Limit-switch valve 200 is in connect state 202, so fluid flows
through it into line 806 and the cylinder base connection of piston
actuator 140. This fluid flow into the cylinder base connection of
piston actuator 140 counteracts the piston retraction, thus
preventing the piston from retracting too hard into the cylinder.
This covers the two states for limit-switch valve 200.
[0201] In both cases, fluid flows from line 806 into the cylinder
base connection of piston actuator 130. This fluid forces the
piston of piston actuator 130 to extend from its cylinder. The
piston extension forces fluid out of the cylinder head connection
of piston actuator 130 into line 804. Fluid flows from line 804 to
line 903 through fluid control valve 120 in crossover state 121.
Line 903 returns the fluid to the fluid reservoir.
[0202] In crossover state 121, fluid loss can be seen to have
occurred when the piston of piston actuator 140 is fully retracted
and the piston of piston actuator 130 is not fully extended. In
this situation, because the piston of piston actuator 140 is fully
retracted, no more fluid can be forced out of its cylinder base
connection. However, because the piston retracts sufficiently to
apply force to mechanical activator 352 and hence activate
limit-switch valve 200, fluid from line 805 flows successively
through fluid check valve 172, line 927, limit-switch valve 200 in
connect state 202, and line 806 into the cylinder base connection
of piston actuator 130. This fluid flow should continue until the
piston of piston actuator 130 is fully extended. Hence the circuit
has compensated for fluid loss.
[0203] When fluid control valve 120 is in straight-through state
122, fluid flows from line 902 to line 804 through fluid control
valve 120 and then to the cylinder head connection of piston
actuator 130 and to fluid check valve 170. Fluid check valve 170
prevents fluid flow from line 907 to line 804; it only allows fluid
to flow from line 804 to line 907. The fluid entering the cylinder
head connection of piston actuator 130 forces its piston to retract
into its cylinder. There are two possible cases here resulting in
two different states for limit-switch valve 180.
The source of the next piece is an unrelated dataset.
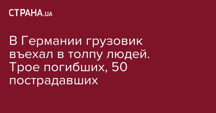 В немецком городе Мюнстер грузовик въехал в толпу людей. По предварительным данным, погибло три человека, 50 получили ранения.

[0204] In the first case, the piston does not retract sufficiently
to apply force to mechanical activator 350 and hence does not
activate limit-switch valve 180. Therefore, limit-switch valve 180
is in disconnect state 181 and fluid cannot flow from line 907 to
line 806. The retraction of the piston into the cylinder of piston
actuator 130 displaces fluid from the cylinder base connection of
piston actuator 130 into line 806.
[0205] In the second case, the piston retracts sufficiently to
apply force to mechanical activator 350 and hence activates
limit-switch valve 180. Therefore, limit-switch valve 180 is in
connect state 182. Fluid flows from line 804 through fluid check
valve 170 and through line 907 to limit-switch valve 180.
Limit-switch valve 180 is in connect state 182, so fluid flows
through it into line 806 and the cylinder base connection of piston
actuator 130. This fluid flow into the cylinder base connection of
piston actuator 130 counteracts the piston retraction, thus
preventing the piston from retracting too hard into the cylinder.
This covers the two states for limit-switch valve 180.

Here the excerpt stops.